Depuis mardi 17, notre Pays vit au ralenti. Blouses bleus sommées de se confiner, blouses blanches en plein rush, le paysage de l’activité dans l’hexagone n’est plus à dépeindre. Pourtant, alors que les articles pleuvent pour féliciter nos personnels soignants, les projecteurs ne semblent pas vouloir se tourner vers nos agriculteurs. Corrigeons le tir avec cette interview de Christian et Florent Serres, père et fils agriculteurs exploitants à L’Isle-en-Dodon.

Diagonale : Messieurs bonjour, nous vous savons toujours au travail malgré cette situation difficile, quels changements avez-vous observés ?

Bonjour Diago, toujours au boulot oui, on s’occupe des blés et prépare les semis de printemps (tournesol, maïs…). Le travail reste identique même si on commence à observer des difficultés à se procurer certains produits, les chaines d’approvisionnement étant fortement impactées.

Votre activité est-elle compatible avec la recommandation de devoir rester confinés? Quel sont vos risques d’exposition au virus ?

À vrai dire, en cette saison nous passons le plus clair de notre temps seul dans la cabine du tracteur. Aucun risque donc d’être source ou sujet de contamination. Nous respectons cependant le confinement une fois le travail terminé. 
Pour ce qui est de la continuité de notre activité, le fait est que c’est la Nature qui nous dicte le calendrier. Si nous ne nous tenons pas à ce dernier, nous créerons une crise d’approvisionnement à la fin des moissons. Si cela devrait se produire, nous serions dépendant des exportations, chose qui n’a clairement pas été à notre avantage lorsqu’il a fallu trouver des masques et autre gels hydroalcooliques ces derniers jours…

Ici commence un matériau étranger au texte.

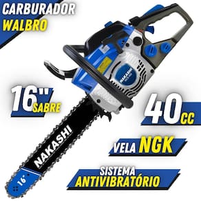 ESPECIFICAÇÕES TÉCNICAS: - Código: 55-600010 - Modelo: NCS 400 - Motor: 2 Tempos - Cilindradas: 40,1cc - Sabre: 16'' - Corrente: 3/8" - perfil baixo x.050" - 57E - Bomba de óleo: Automática - Freio de corrente: Automático, inercial - Capacidade do tanque de combustível: 390 ml - Nível de vibração: 5,848 m/s2 - Nível de ruído (lpa): 101,82 dB(A) - Peso líquido (sem sabre): 4,3 kg

Si vous êtes encore au travail, c’est donc pour nous faire tous manger demain. A l’issue de cette crise, est-ce que le regard des français sur votre activité va changer selon vous ? Je pense à l’association agriculteur/pollueur notamment.

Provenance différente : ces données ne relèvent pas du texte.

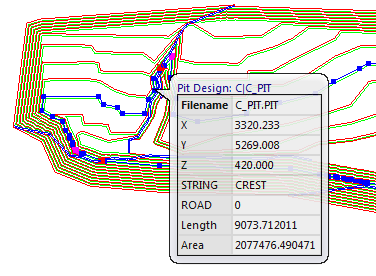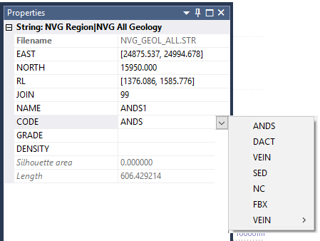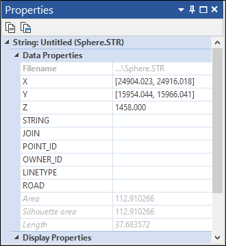 The Properties of an object are updated automatically when a function or tool is used to modify that object. If you click on the Measure tool to measure a string, for example, the Property pane is displayed on the right-hand side of the Vizex display. In this case, the Properties pane is updated automatically as you measure the length of the string.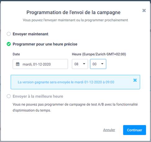 Pour une campagne email de test A/B, vous n’aurez que 2 choix pour la programmation de l’envoi :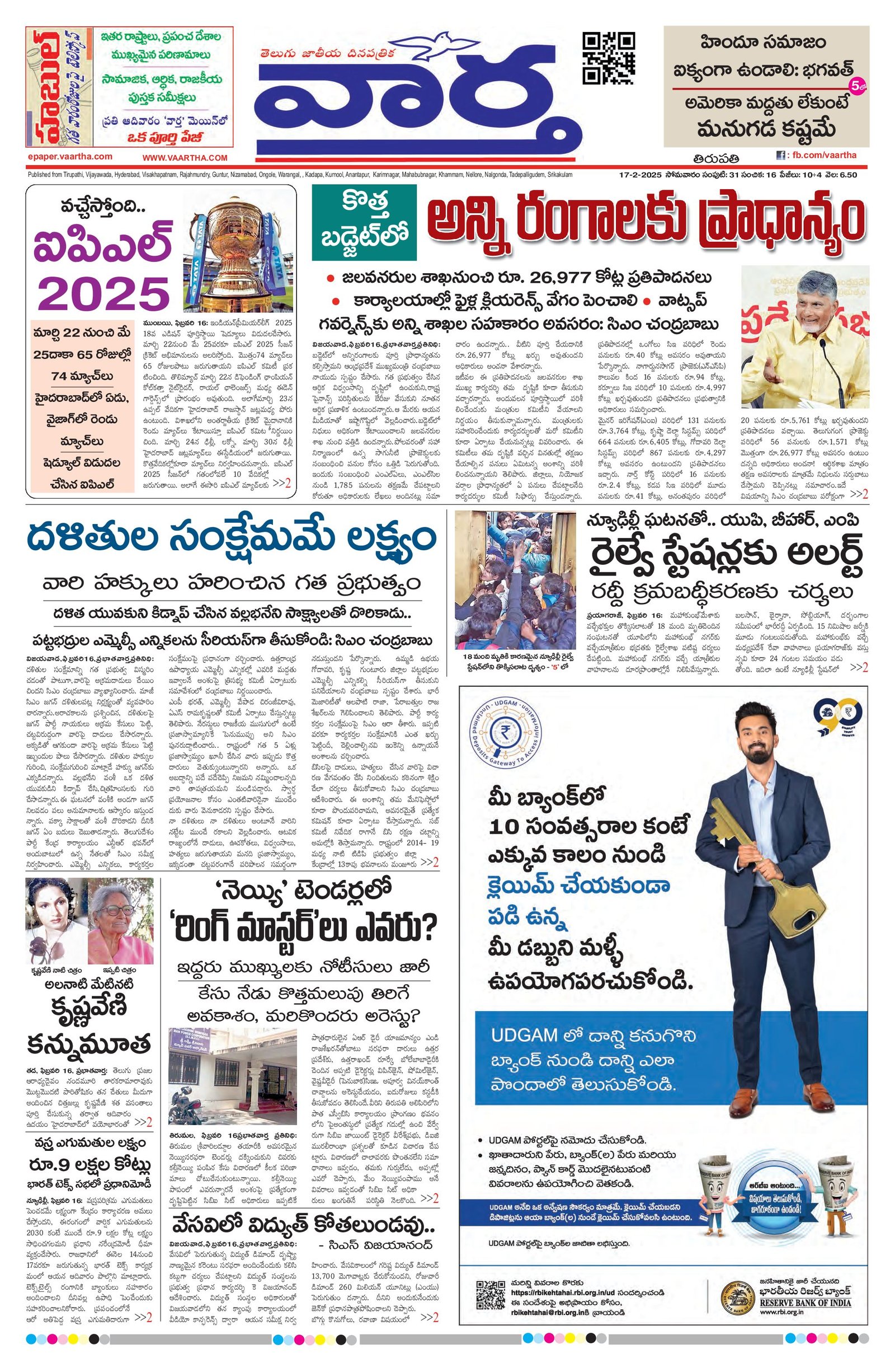 Tirupathi main - 17 Feb 2025 - - Page 1

Je l’espère, ne serais ce qu’en voyant que l’air est devenu plus sain dans les villes depuis que quasi plus personne ne circule, ne prend l’avion ou ne produit dans des usines alors que dans le même temps, nous continuons pourtant à travailler…L’agriculture est un des milieux qui a le plus évolué en matière de respect de l’environnement depuis ces 20 dernières années, il serait temps que les mentalités en prennent conscience. Cette crise montrera peut être que notre métier n’est pas responsable de tous les maux qu’on lui accorde. Au passage, nous tenons à saluer les secteurs encore au travail malgré le confinement. Ces métiers vitaux pour nous tous, de la distribution alimentaire à la santé en passant par les collectes des déchets ainsi que les forces de l’ordre. Il est important pour nous tous de nous unir afin de faire valoir notre rôle auprès de l’État. De plus, si les journalistes pouvaient donner moins dans le sensationnel ou dans le sujet qui vend du papier sans se soucier de la véracité des propos tenus, ce ne serait pas plus mal (ndlr : nous en prenons bien note !)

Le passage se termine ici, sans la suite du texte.